Assuming that the banks actually were successful at manipulating LIBOR downwards, the Fed's use of the benchmark in its bailout loans was a conveniently subtle way to ease the terms of those loans. In contrast to most lenders, the government wanted to lend money on terms favorable to its borrowers. The government was looking to prop up failing institutions, not make a profit.
The AIG bailout, which the Special Inspector General for TARP reminded us last week is still a more than $30 billion item on the taxpayer tab, is a case in point. In September 2008, the federal government came in with a LIBOR-based $85 billion loan after failing to convince Wall Street firms to devise a private sector rescue of AIG. The appropriateness of the interest rate benchmark the Fed used in its rescue of AIG is less important than the question about the propriety of rescuing a company potentially worth less than the money needed to rescue it.
Nobody stepped forward to save AIG, because the private sector concluded AIG was not worth saving. A JPMorgan Chase employee who worked on the effort told the Financial Crisis Inquiry Commission staff in a 2010 interview that "the value of the company in its entirety was not necessarily sufficient to cover the liquidity need that the company had." He explained that "that was an assessment that JPMorgan, Morgan Stanley, Goldman Sachs, working alongside the company and representatives of the Fed and the Treasury all came to" and shared with relevant government officials, including Timothy Geithner, then the President of the Federal Reserve Bank of New York. The Fed poured money into AIG, despite the fact that the experts analyzing the company had come to the conclusion that AIG likely wasn't a creditworthy borrower.

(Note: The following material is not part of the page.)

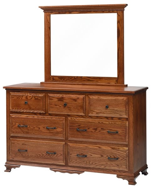 The Amish American Made Harriette Dresser with an Optional Mirror makes a beautiful display in your master bedroom or guest bedroom. This solid wood bedroom dresser offers seven spacious drawers to hold all your foldable clothing items and treasured keepsakes.
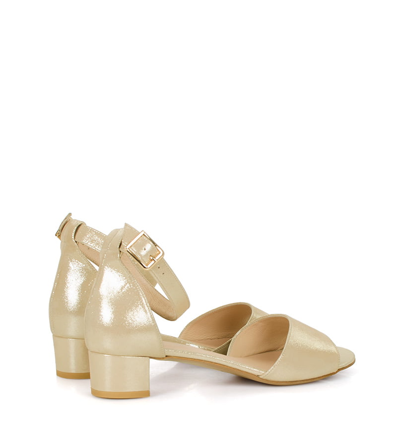 GINA –  złote sandały na niskim obcasie, wykonane z satynowanej skóry naturalnej. Obcas 3,5 cm (wysokość obcasa jest mierzona dla rozmiaru 37). Wygodne sandałki z zakryta piętą i paskiem wokół kostki.  Tęgość butów to F 1/2. Złote sandały na małym obcasie są bardzo wygodne i zapewniają wysoki komfort noszenia.

The law under which the Fed extended its loan to AIG required the Fed to make sure it was getting adequate collateral before making a loan. The Fed justified its decision not to rescue Lehman Brothers on the grounds that Lehman did not have adequate collateral to obtain a loan. Yet the Fed loaned tens of billions of dollars to AIG after learning that the collateral AIG had to offer was potentially insufficient for the company's borrowing needs.
The Fed knew that it was making a loan to a company that was in severe trouble, and that such a weak borrower would not be able to handle tough loan terms. Accordingly, from the perspective of the Fed as a would-be rescuer of the flailing AIG, a benchmark that was being set intentionally low would be preferable to one that reflected true market interest rates.
As it turned out, even with a purportedly artificially low benchmark like LIBOR, the Fed's initial loan terms were too tough for AIG to handle. The loan was restructured multiple times to make it more workable for the company. Eventually, the Fed handed AIG over to Treasury's Troubled Asset Relief Program, which afforded the government greater flexibility in modifying the bailout to meet AIG's needs.
The moral of this story is that government regulators - which were complicit in trying to make financial institutions appear healthier than they were during the crisis - are not the right folks to be fixing LIBOR. If the British Bankers Association can't solve the problems with LIBOR, the markets will turn to substitute benchmarks.